A Universe of Sorts

§ Prefix/Border function

Function that for a string s, at index i, returns the length of the longest border of s[0..i] (inclusive). For example, consider the string s=abababcaab.

at i=0, we have substring s[0..0]=a which has no border (border is proper prefix/suffix). So pr(0) = 0.
at i=1, we have substring s[0..1]=ab which has no border, so pr(1) = 0.
at i=2, we have substring s[0..2]=aba which has a..a as border. pr(2) = 1
at i=3, we have substring s[0..3]=abab which has ab..ab as border. pr(3) = 2
at i=4, we have substring s[0..4]=ababa which has ab[a]ba as border (that is, the prefix is aba and the suffix is aba which overlaps). pr(4) = 3.
at i=5, we have substring s[0..5]=ababab which has ab[ab]ab as border (that is, the prefix is abab and the suffix is abab which overlaps). pr(5) = 4.
at i=6, we have substring s[0..6]=abababc which has no border. pr(6) = 0.
at i=7, we have substring s[0..7]=abababca which has border a..a. pr(7) = 1.
at i=8, we have substring s[0..8]=abababcab which has border ab..ab. pr(8) = 2.

In toto, the prefix function is:

  ababcaab
  01234012

§ `s[0..i]` has a border of length at `pr(i+1)-1`

That is, given the substring s[0..i], we can predict that s[0..i] will have some border (perhaps not the longest border) of length pr(i+1)-1.
Suppose s[0..i+1] has longest border of length L=pr(i+1) (by definition of pr). Suppose pr(i+1) >= 1. Then I can write s[0..i+1] as:

s[0..i+1] = p[0]p[1]...p[L]|s[L+1]...s[i+1-L-1]|p[0]p[1]...p[L]
            ^^^^^^^^^^^^^^^                     ^^^^^^^^^^^^^^^

If I now want to consider s[0..i], I need to drop the last letter p[L], which leaves me with:

s[0..i] = p[0]p[1]...p[L-1]p[L]|s[L+1]...s[i+1-L-1]|p[0]p[1]...p[L-1]
          ^^^^^^^^^^^^^^^^^                         ^^^^^^^^^^^^^^^^^

where we have a border of p[0]...p[L-1].
There maybe a longer border, involving other terms of s[0..i]. But we know that the border is at least pr(i) >= pr(i+1)-1.
Upon re-arranging, we see that pr(i+1) <= pr(i) + 1.
This tells us that the border can increase by at most 1 (it can drop to zero, no lower bound!). So we have: 0 <= pr(i+1) <= pr(i) + 1.
So if we think of borders of s[0..i+1], we know that the longest border can be of length of border pr(i) + 1. All other borders will be of length <= pr(i), so these other borders will be borders of s[0..i]!
Thus, to move from s[0..i] to s[0..(i+1)], we simply need to be able to find the longest border of s[0..(i+1)]. All other borders will come from s[0..i].

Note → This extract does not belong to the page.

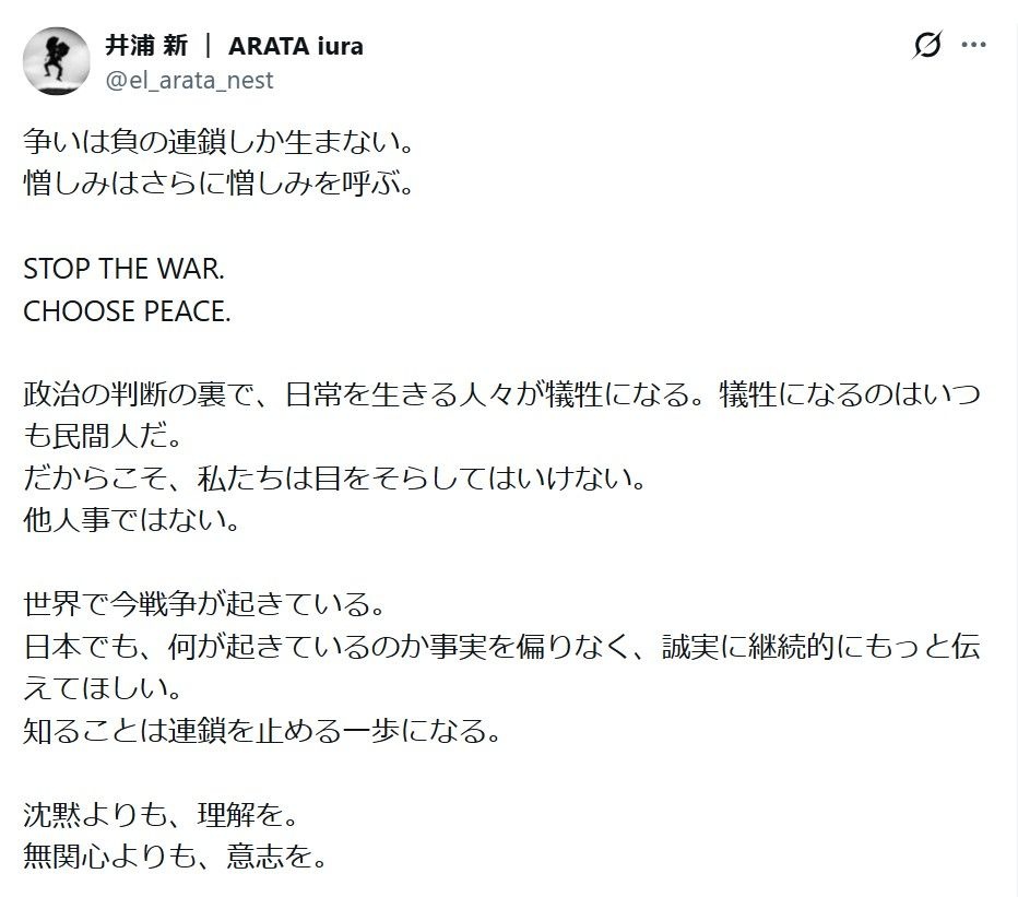 井浦はこうした状況をうけてか「争いは負の連鎖しか生まない。憎しみはさらに憎しみを呼ぶ。STOP THE WAR. CHOOSE PEACE.」と英文も交え、書き出した。
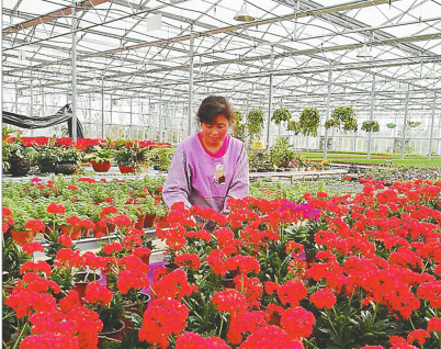 “目前,我们园区固定聘用的职业农民有60人,每人每月能挣3000元。到了忙碌时节,还会从周边村子雇用临时工,多的时候近400人。为了带动村民一起发展,我们正在和周边村子洽谈,通过‘龙头企业+合作社+农户’的方式,将花卉种植延伸到村民中去。”郭丽娜说。

§ Lemma: Enumerating borders (what is a good name for this lemma?)

Think of the longest border 123456:

123456----123456
     ^         ^
     L         N

Now consider a shorter border ab:

ab3456----1234ab
     ^         ^
     L         N

But we must have a~1 and b~2 since it's the same string! So the border is really ab34ab, and the string is:

ab34ab----ab34ab
     ^         ^
     L         N

This shows that given the longest border 123456 of s[0:N] which has length L, any other border of s[0:N](such as ab) is also a border of s[0:L].
Generalizing, given the longest border of s[0..n] of length L, any smaller border of s[0:N]is a border of s[0:L].

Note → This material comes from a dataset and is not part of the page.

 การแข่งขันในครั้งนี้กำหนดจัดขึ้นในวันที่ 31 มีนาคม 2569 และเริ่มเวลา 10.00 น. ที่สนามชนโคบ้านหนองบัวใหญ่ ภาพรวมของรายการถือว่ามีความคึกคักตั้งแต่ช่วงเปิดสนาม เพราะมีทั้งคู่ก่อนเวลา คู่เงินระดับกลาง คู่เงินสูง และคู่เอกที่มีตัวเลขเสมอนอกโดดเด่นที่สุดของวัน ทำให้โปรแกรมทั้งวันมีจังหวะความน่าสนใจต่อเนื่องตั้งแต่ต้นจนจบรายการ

§ Algorithm to enumerate borders.

All borders of s[0:N] can be enumerated by:

Taking the longest border of length L of s[0:N] (given by pr(N)).
considering the border as being the substring s[0:L] (given by pr(L)).
Taking the longest border of s[0:L]
... recurse till we hit empty string.

§ Computing `pr(i+1)`

We know that pr(0) = 0.
At pr(i+1), we know that s[0:pr(i)] = s[-pr(i):-1]

§ Border function is a fractal

Consider a general string which looks like:

abcdef--abcdef

If we think of the second longest border, say 12, we will get that the string must be:

12cdef--abcd12
     ^^  &&

But this implies that the occurrence of ef (marked with &&) and the occurrence of ab (marked with ##) must be 12, 12 respectively. This means that the string is:

12cd12--12cd12

So we started with a full string:

------------------

Then matched the left and right (very 1/3 cantor):

-------    ------
       ----

Then matched the left and right of these again and unified the leftovers, finding that it looks like:

--  --   --  --
  --       --
      ---

and so on. Isn't this so cool? Borders of a string are a fractal-like object!